Exercise directions
Extract the run of lines that starts at the top of the records below and ends at the line with "At the entrance", keeping both ends and excluding pictures.

Data for this exercise
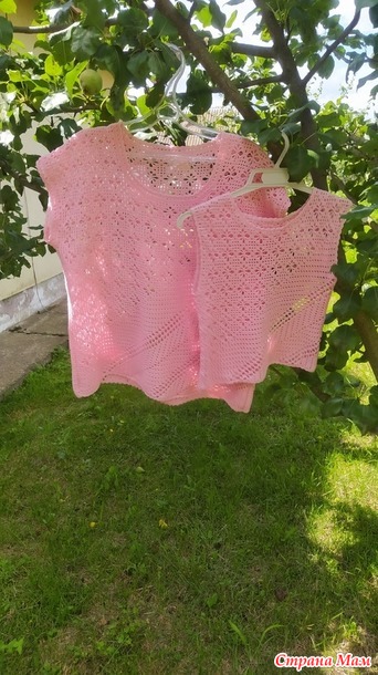 Поскольку у меня в наличии было целых пять моточков пряжи, то на свет родилось ещё 2 топа в стиле Family look.
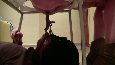 Sexy girl sits on a homemade toilet while she's pooping. Underneath the toilet…a mature man sits there with his mouth opened…
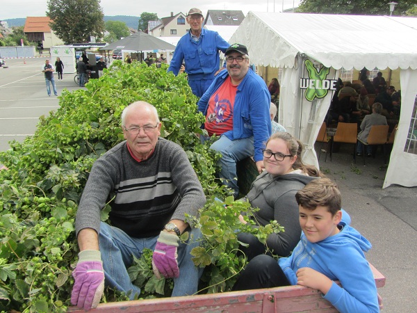 Am vergangenen Wochenende war es wieder soweit: Wir feierten unser Hopfenfest und es wurde nach alter Tradition die Hopfenernte durchgeführt. Die Gemeinde ließ auf dem Festplatz ein Zelt für die Hopfezopfa aufstellen. In diesem Jahr hatten wir zur Bewirtung unserer Gäste ein Versorgungszelt und einen Bierwagen vor Ort. Auf dem Platz waren Tische und Bänke aufgebaut und auch an Sonnenschirme hatten wir gedacht. Heuer wurden diese aber leider mehr als Regenschirme gebraucht. Waren es am vergangenen Wochenende noch tropische Temperaturen, hielt der Herbst leider überpünktlich Einzug, sodass am Festwochenende schon warme Kleidung angesagt war.
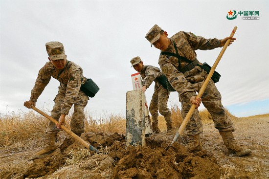 周李(左一)和战友一起埋设新标石。郭 斌 摄
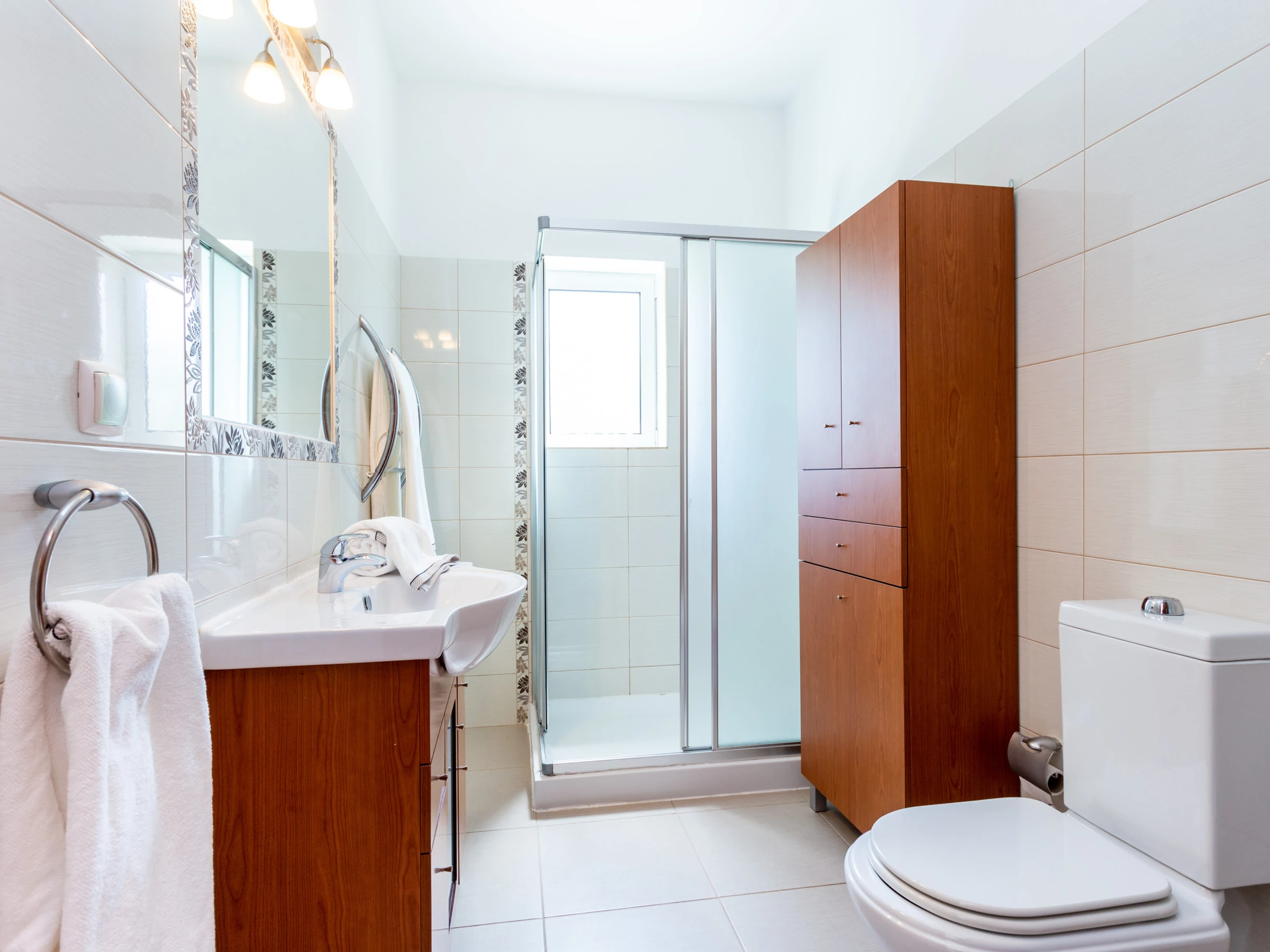 At the entrance hall, there is a common bathroom, complete, with bath and shower fittings. All rooms and living room have AC.
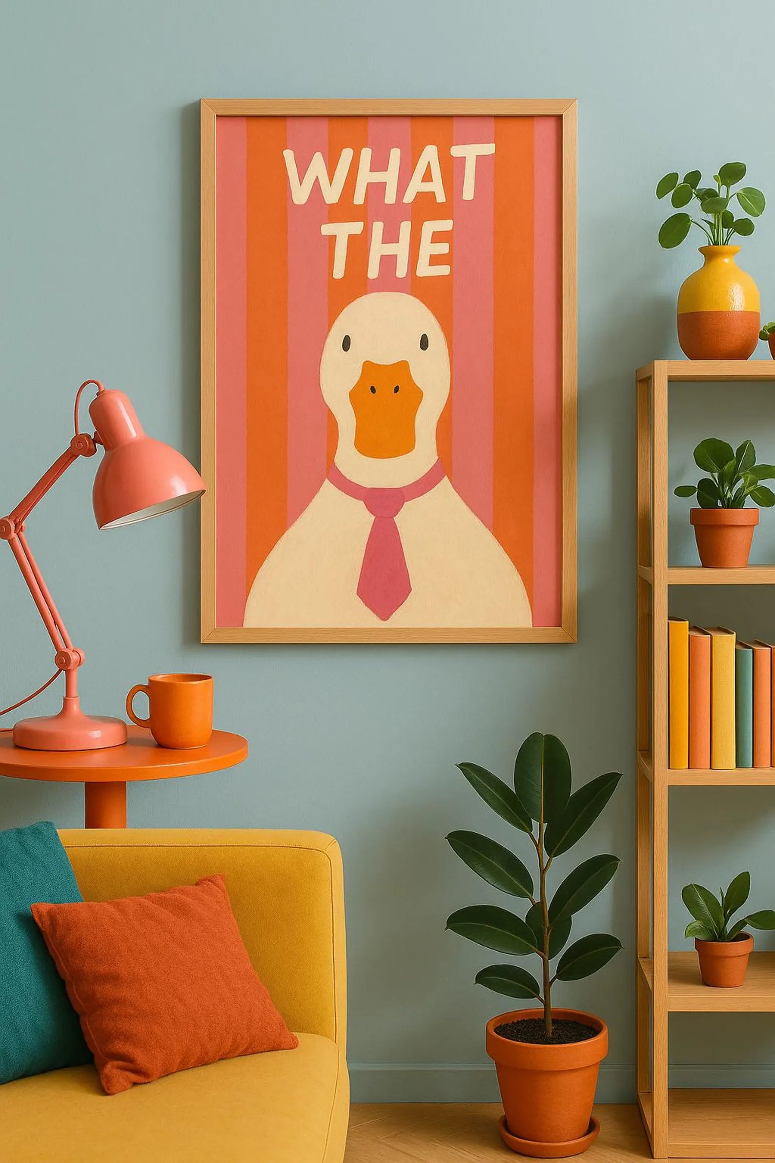 🦆 WHAT THE DUCK Poster – Humorvolle Wandkunst mit Stil & Augenzwinkern, – Lustige Wanddeko im Retro Pop Art Stil – Mid-Century Modern Kunst für Wohnzimmer, Büro oder Homeoffice

Solution
 Поскольку у меня в наличии было целых пять моточков пряжи, то на свет родилось ещё 2 топа в стиле Family look.
 Sexy girl sits on a homemade toilet while she's pooping. Underneath the toilet…a mature man sits there with his mouth opened…
 Am vergangenen Wochenende war es wieder soweit: Wir feierten unser Hopfenfest und es wurde nach alter Tradition die Hopfenernte durchgeführt. Die Gemeinde ließ auf dem Festplatz ein Zelt für die Hopfezopfa aufstellen. In diesem Jahr hatten wir zur Bewirtung unserer Gäste ein Versorgungszelt und einen Bierwagen vor Ort. Auf dem Platz waren Tische und Bänke aufgebaut und auch an Sonnenschirme hatten wir gedacht. Heuer wurden diese aber leider mehr als Regenschirme gebraucht. Waren es am vergangenen Wochenende noch tropische Temperaturen, hielt der Herbst leider überpünktlich Einzug, sodass am Festwochenende schon warme Kleidung angesagt war.
 周李(左一)和战友一起埋设新标石。郭 斌 摄
 At the entrance hall, there is a common bathroom, complete, with bath and shower fittings. All rooms and living room have AC.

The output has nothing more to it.